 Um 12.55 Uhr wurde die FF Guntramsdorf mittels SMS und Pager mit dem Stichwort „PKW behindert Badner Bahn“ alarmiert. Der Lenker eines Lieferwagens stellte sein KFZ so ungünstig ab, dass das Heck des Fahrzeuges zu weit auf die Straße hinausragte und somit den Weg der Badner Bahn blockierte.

...

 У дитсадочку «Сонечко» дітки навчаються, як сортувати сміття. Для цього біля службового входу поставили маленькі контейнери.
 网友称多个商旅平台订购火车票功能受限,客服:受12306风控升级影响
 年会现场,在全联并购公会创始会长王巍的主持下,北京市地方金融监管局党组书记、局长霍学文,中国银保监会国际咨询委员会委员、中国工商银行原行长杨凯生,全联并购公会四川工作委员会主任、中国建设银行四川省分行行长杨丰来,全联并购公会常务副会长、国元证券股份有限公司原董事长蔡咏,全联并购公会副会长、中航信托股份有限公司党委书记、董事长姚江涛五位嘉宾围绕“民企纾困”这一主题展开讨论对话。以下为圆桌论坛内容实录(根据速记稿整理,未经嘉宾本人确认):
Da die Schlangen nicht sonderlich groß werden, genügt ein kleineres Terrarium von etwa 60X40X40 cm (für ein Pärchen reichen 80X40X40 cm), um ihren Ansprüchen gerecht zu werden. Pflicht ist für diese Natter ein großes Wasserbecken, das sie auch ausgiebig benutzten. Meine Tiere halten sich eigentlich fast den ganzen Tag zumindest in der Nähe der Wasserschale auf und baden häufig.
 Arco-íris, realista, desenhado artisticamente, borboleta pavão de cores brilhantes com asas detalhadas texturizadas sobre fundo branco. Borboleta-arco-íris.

◆ Work to be completed ◆
Please reproduce the lines from the line with "Da die Schlangen" to the line with "Arco-íris, realista, desenhado", both ends included, exactly as they appear above.

◆ Result of this exercise ◆
Da die Schlangen nicht sonderlich groß werden, genügt ein kleineres Terrarium von etwa 60X40X40 cm (für ein Pärchen reichen 80X40X40 cm), um ihren Ansprüchen gerecht zu werden. Pflicht ist für diese Natter ein großes Wasserbecken, das sie auch ausgiebig benutzten. Meine Tiere halten sich eigentlich fast den ganzen Tag zumindest in der Nähe der Wasserschale auf und baden häufig.
 Arco-íris, realista, desenhado artisticamente, borboleta pavão de cores brilhantes com asas detalhadas texturizadas sobre fundo branco. Borboleta-arco-íris.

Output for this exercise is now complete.